Cancel one or more tasks. Cancelled tasks remain in the system with status 2 but are no longer actionable.
AI agents use cancel_task to create or update resources in Ontraport MCP Server — usually the action step of a workflow, after the agent has gathered context. Every call changes real data in your Ontraport MCP Server environment.
Cancelling tasks modifies their status (sets to status 2) but does not delete them — they remain in the system. This is a reversible state change (tasks could potentially be reactivated), making it a Write operation rather than Destructive. However, making tasks 'no longer actionable' has meaningful operational impact, warranting medium severity.
From the tool's definition 'Cancel one or more tasks. Cancelled tasks remain in the system with status 2 but are no longer actionable.'
Attacks that exploit this kind of access
Cancel one or more tasks.

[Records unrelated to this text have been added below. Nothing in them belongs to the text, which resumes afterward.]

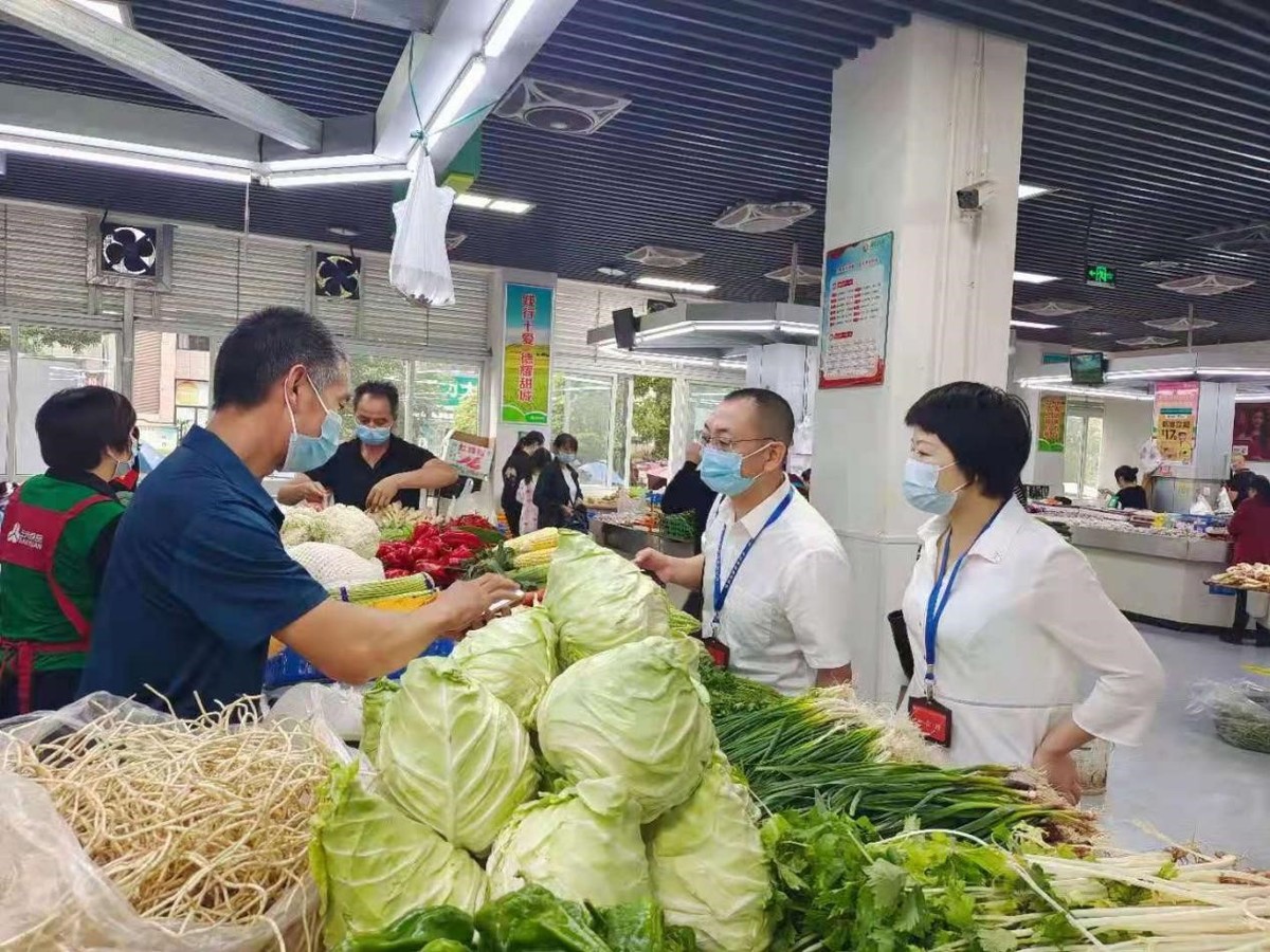 东兴区纪委监委派驻区市监局纪检监察组到农贸市场督查查码测温落实情况。
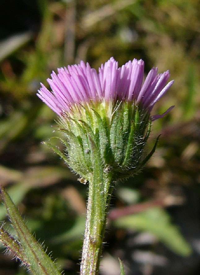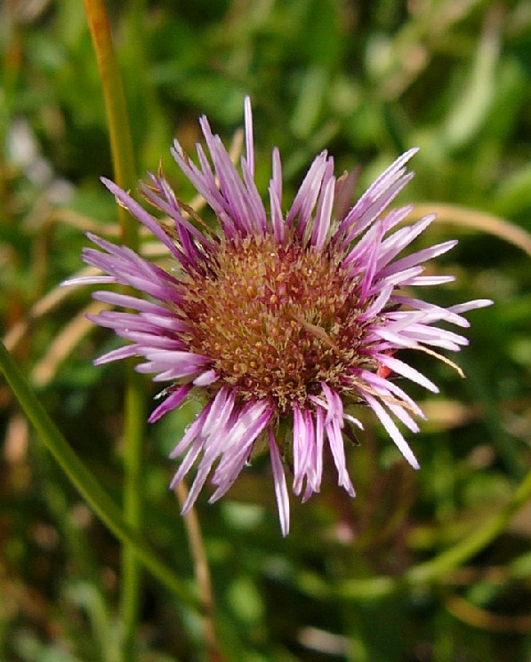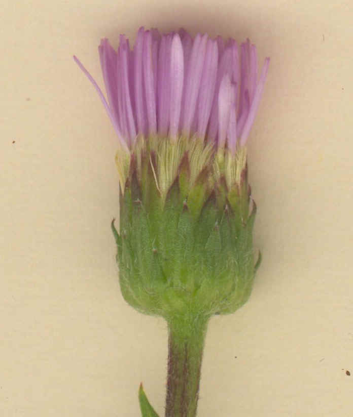 Köpfchen 12 - 22 mm im Durchmesser, zwischen Röhren- und Zungenblüten befinden sich Fadenblüten, Zungenblüten in 2 - 3 Reihen, 4 - 8 mm lang, lila, Röhrenblüten gelblich, an der Spitze oft purpurn
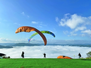 游客在云中君滑翔伞基地体验滑翔伞。

Cancelled tasks remain in the system with status 2 but are no longer actionable. It is categorised as a Write tool in the Ontraport MCP Server MCP Server, which means it can create or modify data. Consider rate limits to prevent runaway writes.
Register the Ontraport MCP Server MCP server in PolicyLayer and add a rule for cancel_task: allow, deny, rate-limit, or require approval. Point your MCP client at the PolicyLayer proxy URL and the rule is enforced on every call, before it reaches Ontraport MCP Server. Nothing to install.

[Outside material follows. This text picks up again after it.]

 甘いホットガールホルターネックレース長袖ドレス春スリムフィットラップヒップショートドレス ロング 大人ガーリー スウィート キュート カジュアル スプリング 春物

cancel_task is a Write tool with medium risk. Write tools should be rate-limited to prevent accidental bulk modifications.
Yes. Add a rate_limit block to the cancel_task rule in your PolicyLayer policy. For example, setting max: 10 and window: 60 limits the tool to 10 calls per minute. Rate limits are tracked per agent session and reset automatically.

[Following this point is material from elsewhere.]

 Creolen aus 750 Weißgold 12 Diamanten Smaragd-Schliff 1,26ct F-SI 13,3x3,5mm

Set action: deny in the PolicyLayer policy for cancel_task. The AI agent will receive a policy violation error and cannot call the tool. You can also include a reason field to explain why the tool is blocked.
cancel_task is provided by the Ontraport MCP Server MCP server (landonray/mcp-server). PolicyLayer sits as a proxy in front of this server to enforce policies before tool calls reach the server.
Every MCP server has a record like this.
Type a name, get the same breakdown: verified identity, auth posture, risk grade, capabilities, recommended policy.